* EXERCISE REQUIREMENTS: Will you write out the data exactly, excluding every picture?

* DATASET:
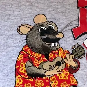 Hawaiian rat chilling in a red and yellow hibiscus shirt with red slippahs and playing his ukulele.
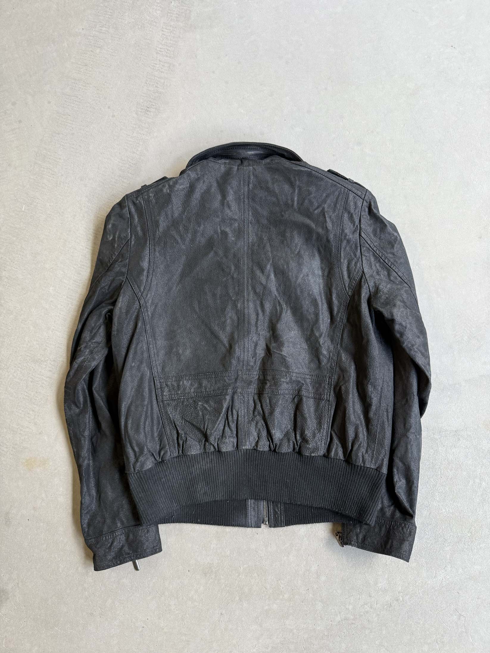 This Vintage Lisa Tossa Flight Bomber Leather Jacket is made of genuine leather. It features a suede finish, shoulder details, front pockets on either side, zipper details on the sleeves and an elasticated fabric hem.
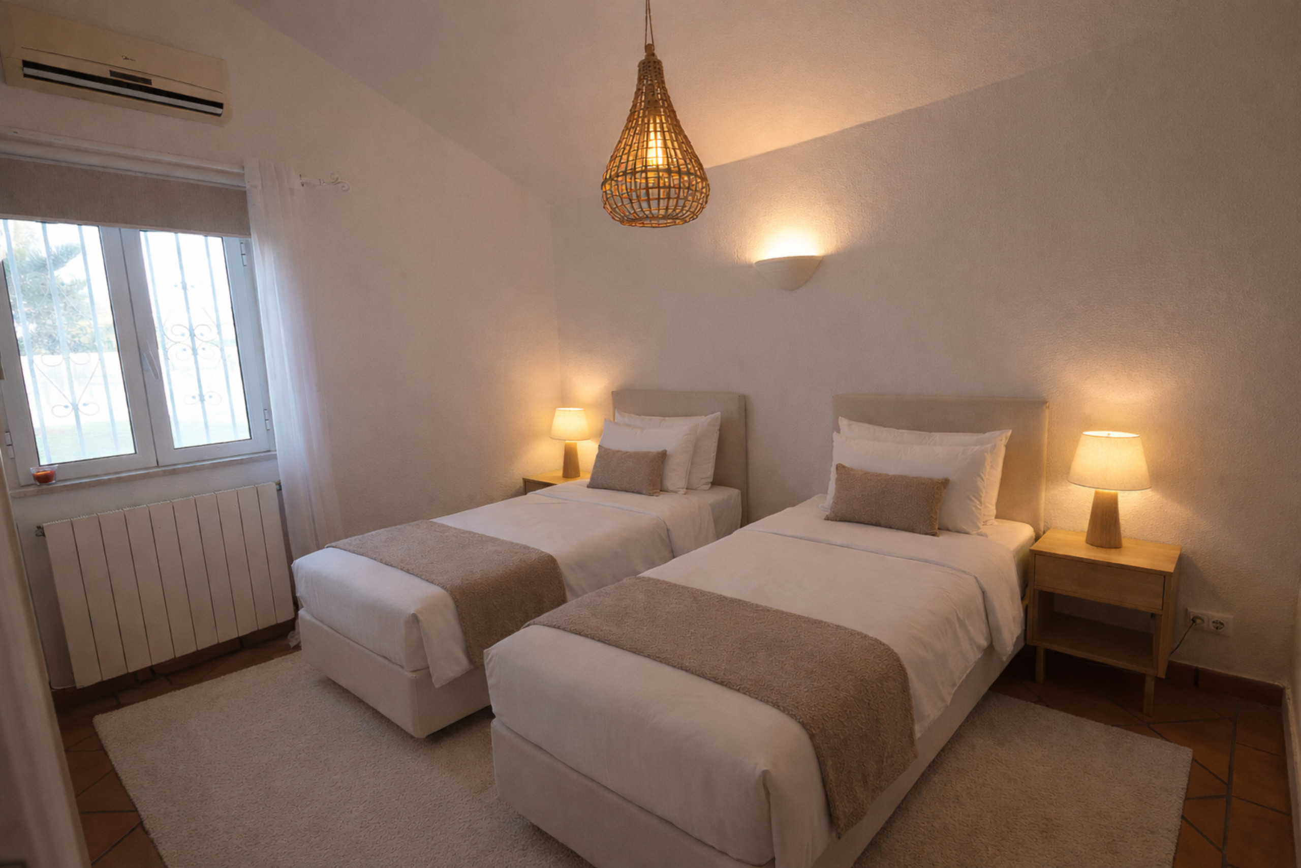 La villa propose trois chambres climatisées et deux salles de bain, offrant confort et flexibilité pour les familles ou les amis qui prévoient une escapade hivernale plus longue. Bien située près de la plage et des commodités locales, Casa Falésia est une excellente base pour un séjour hivernal calme et confortable en Algarve. Contactez AlgarveHolidays™ dès aujourd'hui pour réserver votre séjour d'hiver et vous sentir comme chez vous en Algarve.
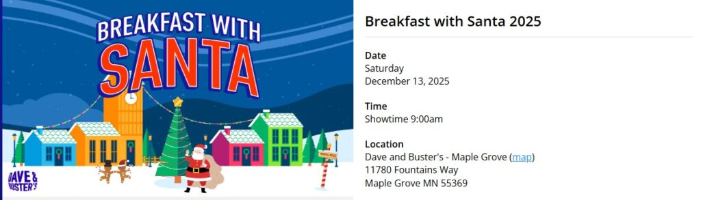December 6 @ 8:30 am - 10:30 amBreakfast with Santa 2025 at Dave & Buster’s Maple Grove
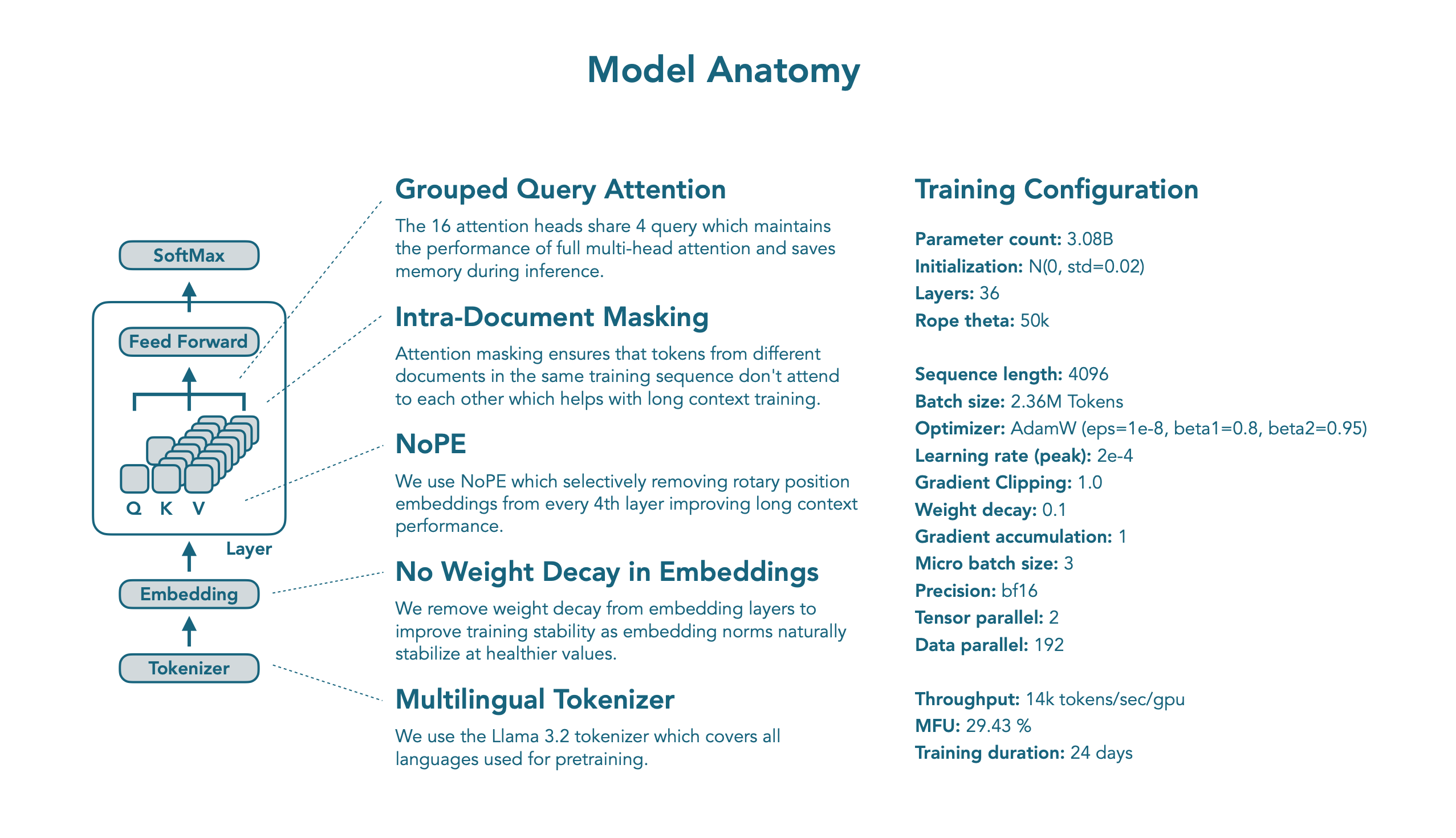 SmolLM3는 SmolLM2와 유사한 연결된 임베딩을 가진 트랜스포머 디코더 아키텍처를 따르며 + Llama 아키텍처를 기반입니다.
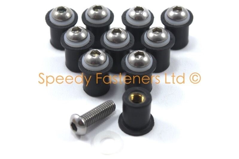 These self tapping bolts/screws attach the inner fairing panels and various other parts to the main fairings on many makes and models. These screws are stainless steel (unlike the originals) and are great at resisting rust and corrosion and stay shiny for years!
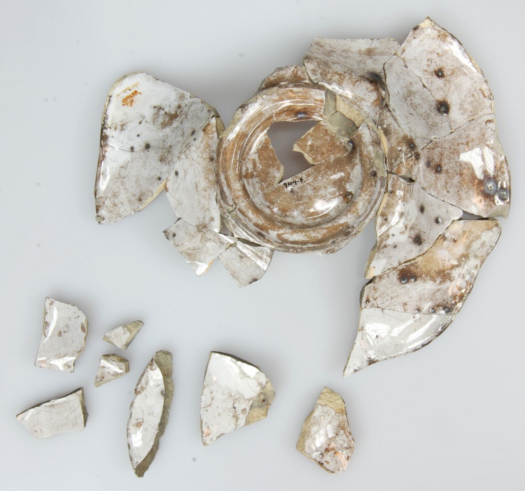 Plooischotel; f-plo-3; plooischotel met platte spiegel, knik spiegel-vlag en geplooide vlag, op standring; faience; tinglazuur; standring
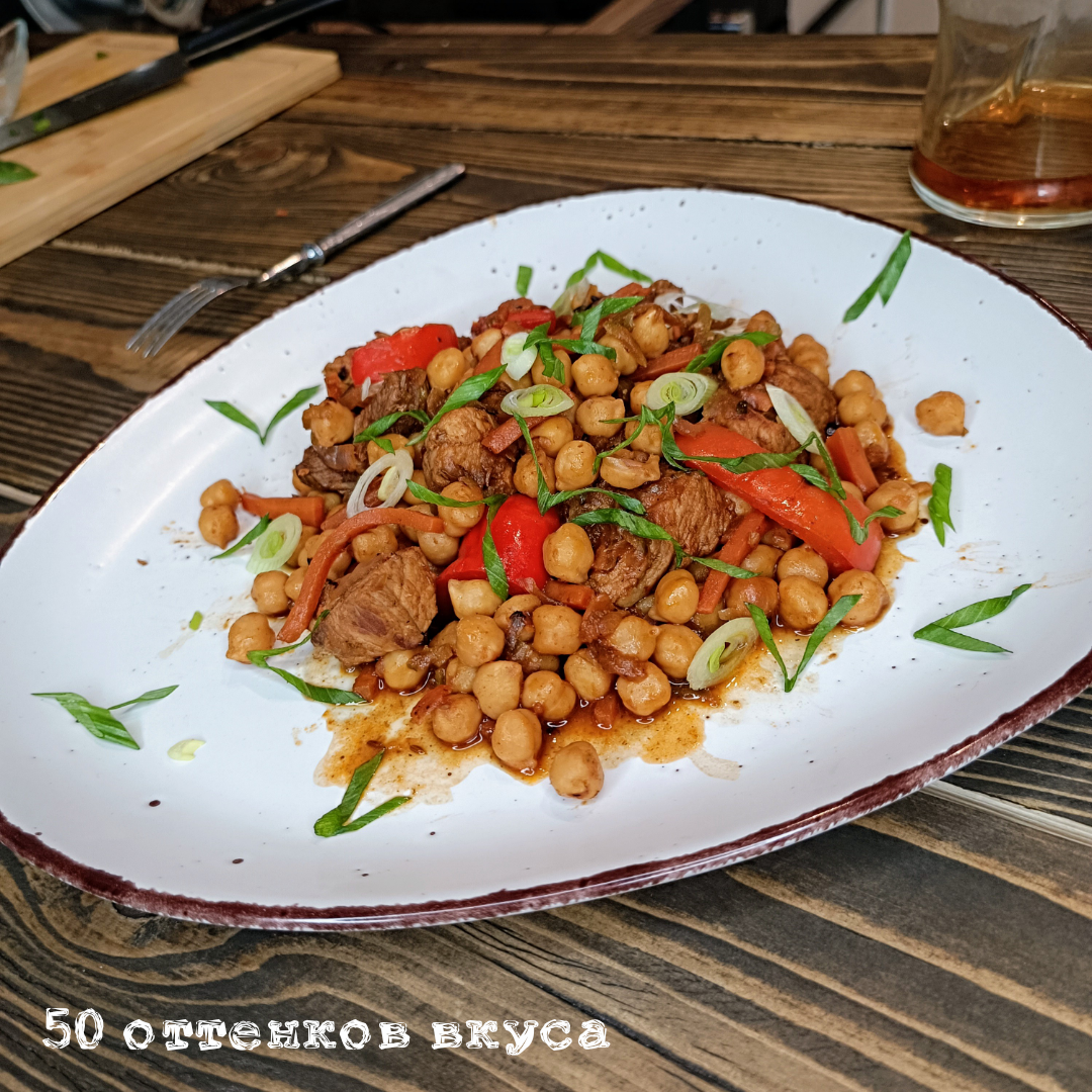 Нут в томатном соусе со свининой. Горох что надо!
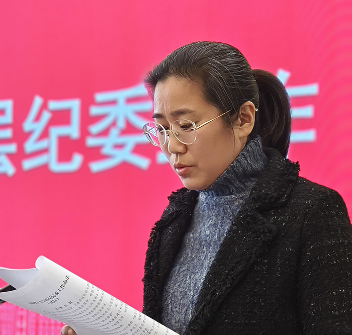 张莉副书记分两大板块进行工作汇报。首先,回顾了2025年学生工作亮点,从思想政治教育引领、学风建设提质增效、文体活动品牌打造、就业创业精准服务等方面总结成效。针对2026年学生工作,她提出要深化“三全育人”综合改革,聚焦学生成长成才全周期,精准对接学生需求,将竞技体育精神、健康中国理念融入育人全过程,着力培育德智体美劳全面发展的时代新人。随后,她宣读了校党[2026]4号文件《太原理工大学基层纪委工作办法》,结合学校全面从严治党工作要求,强调要健全基层监督体系、压实监督责任,以严的纪律、实的举措为学院三大国家战略落地、三大发展战略推进保驾护航。

* EXERCISE RESPONSE:
 Hawaiian rat chilling in a red and yellow hibiscus shirt with red slippahs and playing his ukulele.
 This Vintage Lisa Tossa Flight Bomber Leather Jacket is made of genuine leather. It features a suede finish, shoulder details, front pockets on either side, zipper details on the sleeves and an elasticated fabric hem.
 La villa propose trois chambres climatisées et deux salles de bain, offrant confort et flexibilité pour les familles ou les amis qui prévoient une escapade hivernale plus longue. Bien située près de la plage et des commodités locales, Casa Falésia est une excellente base pour un séjour hivernal calme et confortable en Algarve. Contactez AlgarveHolidays™ dès aujourd'hui pour réserver votre séjour d'hiver et vous sentir comme chez vous en Algarve.
December 6 @ 8:30 am - 10:30 amBreakfast with Santa 2025 at Dave & Buster’s Maple Grove
 SmolLM3는 SmolLM2와 유사한 연결된 임베딩을 가진 트랜스포머 디코더 아키텍처를 따르며 + Llama 아키텍처를 기반입니다.
 These self tapping bolts/screws attach the inner fairing panels and various other parts to the main fairings on many makes and models. These screws are stainless steel (unlike the originals) and are great at resisting rust and corrosion and stay shiny for years!
 Plooischotel; f-plo-3; plooischotel met platte spiegel, knik spiegel-vlag en geplooide vlag, op standring; faience; tinglazuur; standring
 Нут в томатном соусе со свининой. Горох что надо!
 张莉副书记分两大板块进行工作汇报。首先,回顾了2025年学生工作亮点,从思想政治教育引领、学风建设提质增效、文体活动品牌打造、就业创业精准服务等方面总结成效。针对2026年学生工作,她提出要深化“三全育人”综合改革,聚焦学生成长成才全周期,精准对接学生需求,将竞技体育精神、健康中国理念融入育人全过程,着力培育德智体美劳全面发展的时代新人。随后,她宣读了校党[2026]4号文件《太原理工大学基层纪委工作办法》,结合学校全面从严治党工作要求,强调要健全基层监督体系、压实监督责任,以严的纪律、实的举措为学院三大国家战略落地、三大发展战略推进保驾护航。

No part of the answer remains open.